--- DATASET RECORDS ---
▼▼▼
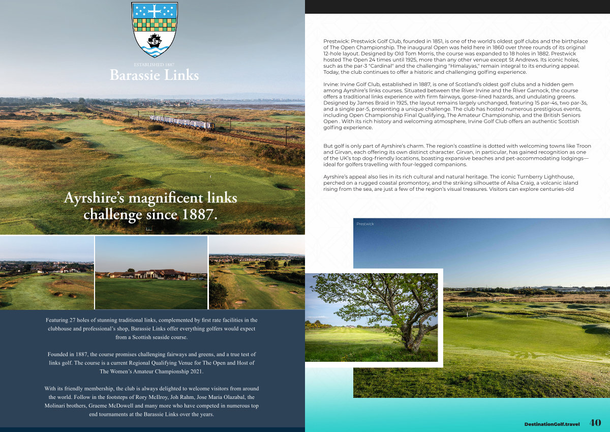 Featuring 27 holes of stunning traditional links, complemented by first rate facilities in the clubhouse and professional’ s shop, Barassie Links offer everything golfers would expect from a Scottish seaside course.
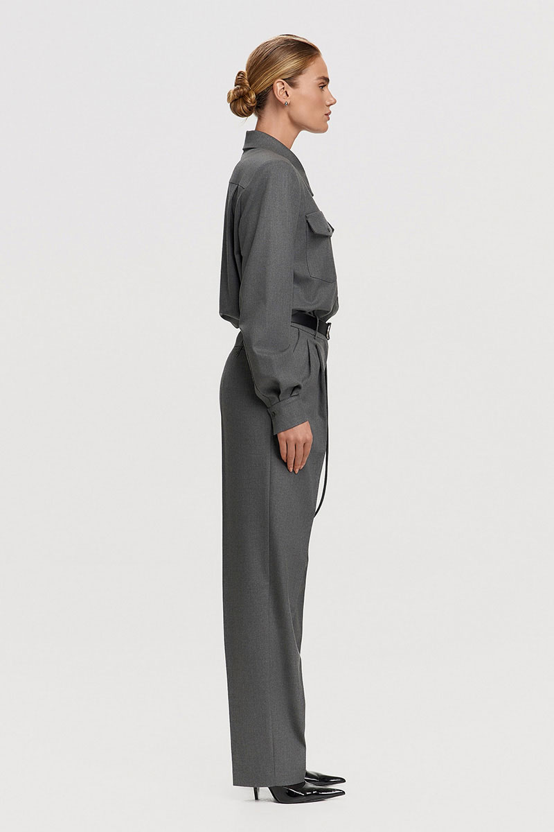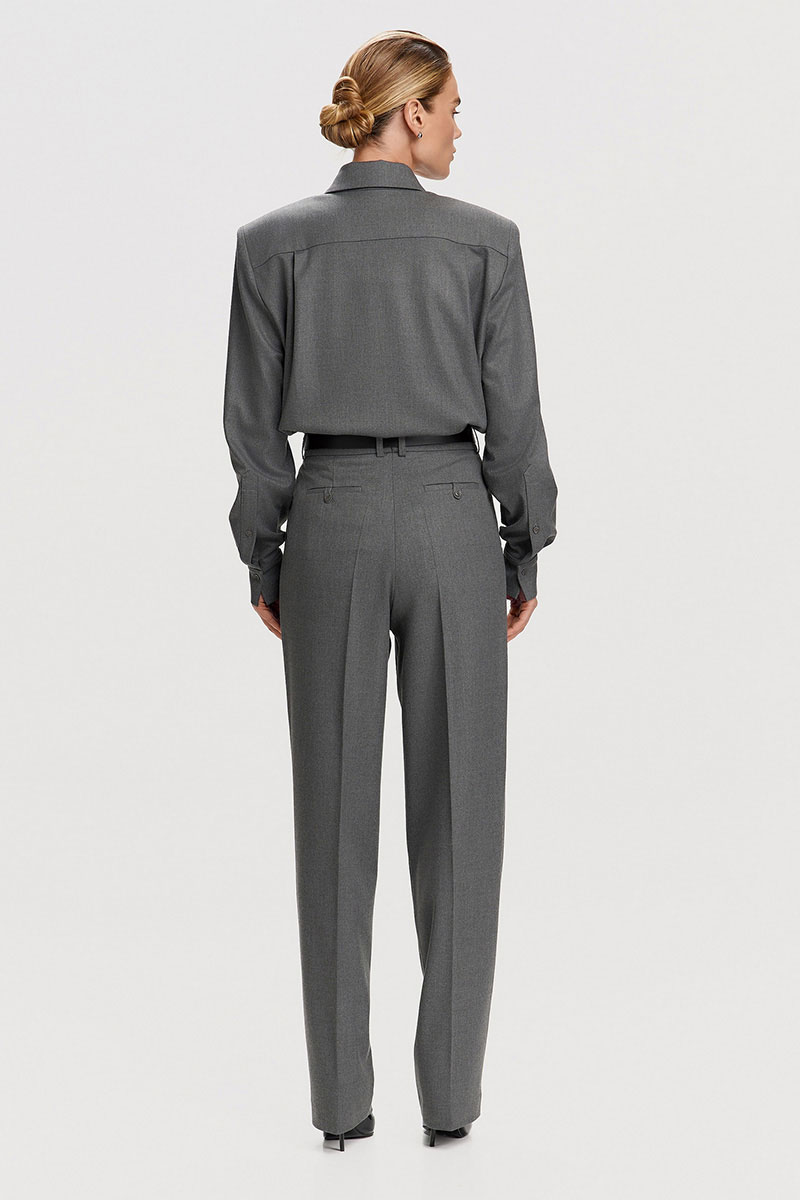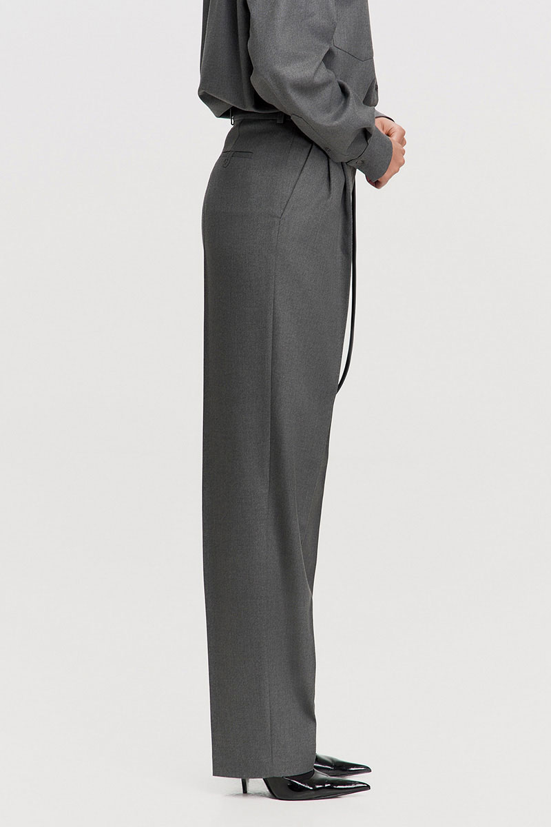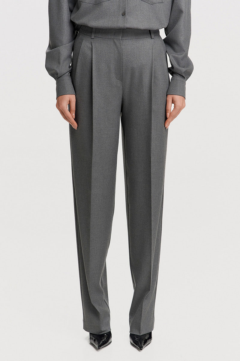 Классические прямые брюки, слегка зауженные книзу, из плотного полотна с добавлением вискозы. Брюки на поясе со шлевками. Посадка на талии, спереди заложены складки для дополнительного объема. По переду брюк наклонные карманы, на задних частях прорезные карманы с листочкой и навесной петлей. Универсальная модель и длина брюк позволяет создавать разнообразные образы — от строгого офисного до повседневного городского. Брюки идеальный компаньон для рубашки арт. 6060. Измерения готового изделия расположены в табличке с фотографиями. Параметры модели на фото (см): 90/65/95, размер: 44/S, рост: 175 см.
▲▲▲
▼▼▼
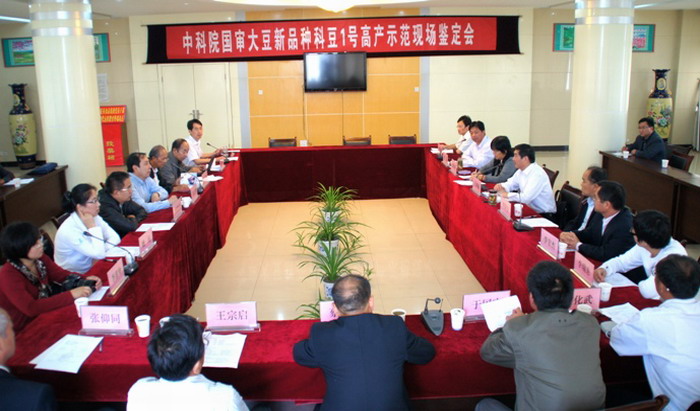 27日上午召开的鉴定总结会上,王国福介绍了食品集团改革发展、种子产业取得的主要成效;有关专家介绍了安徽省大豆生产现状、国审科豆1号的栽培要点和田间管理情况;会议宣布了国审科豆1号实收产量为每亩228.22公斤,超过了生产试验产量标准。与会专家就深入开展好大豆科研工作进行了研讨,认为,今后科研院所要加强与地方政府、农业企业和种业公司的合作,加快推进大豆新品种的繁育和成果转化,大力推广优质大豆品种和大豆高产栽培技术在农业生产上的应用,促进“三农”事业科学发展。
▲▲▲
--- WHAT TO DO ---
Return exactly the lines of the material above, starting at the line containing "Featuring 27 holes" and finishing at the line containing "Классические прямые брюки, слегка", without any pictures.

--- FINISHED TASK ---
 Featuring 27 holes of stunning traditional links, complemented by first rate facilities in the clubhouse and professional’ s shop, Barassie Links offer everything golfers would expect from a Scottish seaside course.
 Классические прямые брюки, слегка зауженные книзу, из плотного полотна с добавлением вискозы. Брюки на поясе со шлевками. Посадка на талии, спереди заложены складки для дополнительного объема. По переду брюк наклонные карманы, на задних частях прорезные карманы с листочкой и навесной петлей. Универсальная модель и длина брюк позволяет создавать разнообразные образы — от строгого офисного до повседневного городского. Брюки идеальный компаньон для рубашки арт. 6060. Измерения готового изделия расположены в табличке с фотографиями. Параметры модели на фото (см): 90/65/95, размер: 44/S, рост: 175 см.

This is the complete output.